As we discussed in an earlier post in this series, one of the intents of data federation and virtualization is to layer some degree of opacity over accessing heterogeneous data sources by using a canonical model and a semantic layer for user queries. There are two additional benefits we expect from federation and virtualization: improved performance and improved data quality.
Federation is achieved by developing a semantically consistent mapping between the canonical model and the underlying sources. But performance is provided through two key mechanisms. You can anticipate data accesses that can be launched to reduce the latency between the request for data and its delivery. In addition, you can employ simulated caching in which data that has already been accessed from an originating source is copied locally and reused unless it has been changed in the original source.
Despite the benefit of increased performance, you may still be at the mercy of the original sources to guarantee quality. And this is where we see the benefit of the master data index, as it can be used to both support prefetching and caching while providing a means for data quality improvement in preparing the data for delivery to the requesting application.

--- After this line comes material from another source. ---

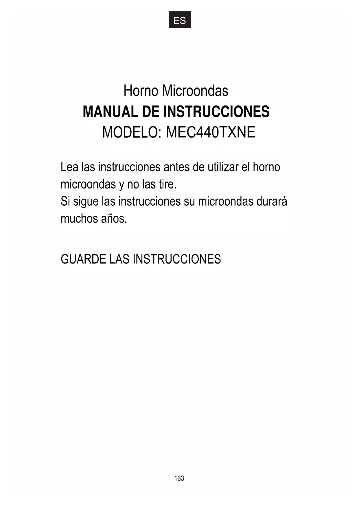 Lea las instrucciones antes de utilizar el horno microondas y no las tire. Si sigue las instrucciones su microondas durará muchos años.

First, any requests for specific entity are resolved through the master index to locate the sources that hold instances that represent that entity. In turn, those sources can be accessed simultaneously to stream the entity data from the sources into the virtual cache. At that point, the business rules that are specific to the data quality and usability expectations of the specific users can be applied to the data pulled from the original sources. In other words, this allows for the delivery of materialized master records with an assurance of all facets of consistency of the data presented for analysis:
- Structural – the types and formats of the target data elements are compatible with and across those of the sources as well as the desired target;
- Semantic – the presumed meanings of the target data concepts are assured to be consistent with and across those of the sources; and
- Temporal – the currency of the data is synchronized across the sources and then again with the target, providing a materialized version that is up-to-date with the selected data sources.
In other words, by taking advantage of the use of the inverted indexing back to original sources of record, MDM can be effectively used as a key enabling capability for the improved performance and quality expected from any enterprise canonical data model serving semantically consistent data via a virtualized and federated environment.